The Pixar Story - the power of a long term vision
Pixar is the production company behind some of the greatest computer animation films - Toy Story, Finding Nemo and Wall-E. In the last two decade, they seem to go from success to success, as one of the dominant players in the genre. But did you know that they started off as a computer hardware company? And almost disappeared into oblivion several times before they ever made a feature film?
I’ve been reading The Pixar Touch: The Making of a Company (Vintage). It takes us back to the 1970s when computers were the size of rooms and used primarily by the military. Some computer geeks started working on animation using the clunky undeveloped tools of the time and in the process created and evolved the software that eventually made the genre accessible to the world.
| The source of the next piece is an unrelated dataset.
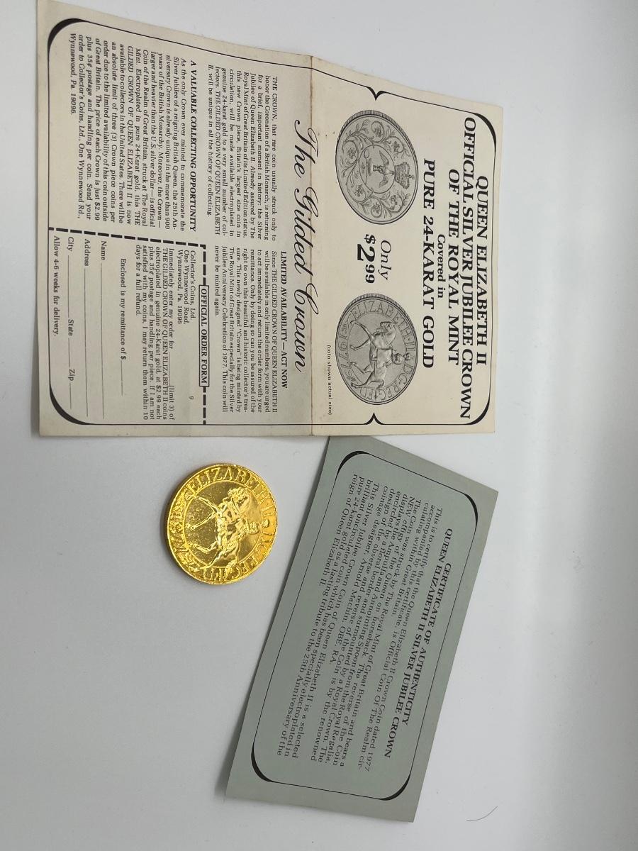 International Coin Collection Including. 24K Gold Plated Queen Elizabeth II. Please see all pictures as they are the best representation of the items. The pictures show condition, measurements if taken, and what is included in the lot. Due to the large amount that we photograph and the time frame, we are not always able to take measurements. All items unless noted, are pre-owned and have been used. If you purchased furniture, you must bring help. We do not allow one person to carry large furniture out on their own. Bring help, tools and a truck for the safety of our client’s homes, and your personal safety. Any damages that result to the property including walls, and floors due to moving of the furniture will be charged to the buyer. Company policy. Thank you.

They were joined by a Disney artist whose knack was to make inanimate objects come alive as if with a personality of their own.
What is fascinating about the Pixar Story is that in different forms, the core team of geeks and artists worked for George Lucas, the creator of the Star Wars series, and Steve Jobs, the man who is synonymous with Apple, both visionaries in their own fields, but who were unable to see the meteoric potential in animated films. Lucas saw the team as useful for some special effects but not as film creators in their own right. Jobs bought Pixar because he was interested in the hardware and software for creating images and initially, had little interest in the animation side.
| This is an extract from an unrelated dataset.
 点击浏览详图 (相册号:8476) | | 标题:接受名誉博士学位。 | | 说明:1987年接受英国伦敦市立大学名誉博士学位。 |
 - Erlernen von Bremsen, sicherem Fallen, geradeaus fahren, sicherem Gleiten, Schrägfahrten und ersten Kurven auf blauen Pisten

To me, looking at this story as a life coach, there are a number of inspiring themes:
# The Pixar guys had a vision to make animated movies with computer graphics back in the 70s, when the technology was at its infancy. They worked and worked at developing the hardware and software, finding funding by any means possible and perfecting their art for over 20 years before they were finally able to produce their first feature film, Toy Story.
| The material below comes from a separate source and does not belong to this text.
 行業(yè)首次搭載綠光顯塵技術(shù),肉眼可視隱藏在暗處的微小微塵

# Their investors and patrons such as Lucas and Jobs gave up on them several times but they just kept going at what they loved, even if it meant pretending to be a computer company while they worked away quietly on their animation.
# They didn’t do it for the money - they had a passion and a vision. These are the only motivators that can keep you focused on a seemingly impossible goal for more than 20 years, especially while others around you think you are deluded. The key artist of the Pixar band of brothers, John Lassiter, was invited to become a director at Disney but he turned them down. He turned down Disney! He could be a director at Disney, he said, but he would rather stay where he was at Pixar (at that time with nothing but a few short films of under 5 minutes to their name) and “make history”.
And make history they did.
Their films and also their technological developments have changed not just the genre of animated films but also how films are made. Computer generated graphics are in most films and even TV shows now. The wonder of computer graphics is how it can take us into impossible spaces and amazing worlds and even make the world on screen seem animated with a reality that is more real and alive than our ordinary world. It has changed they way we tell and take in visual stories - and in so doing, it is changing the way we look at the world around us.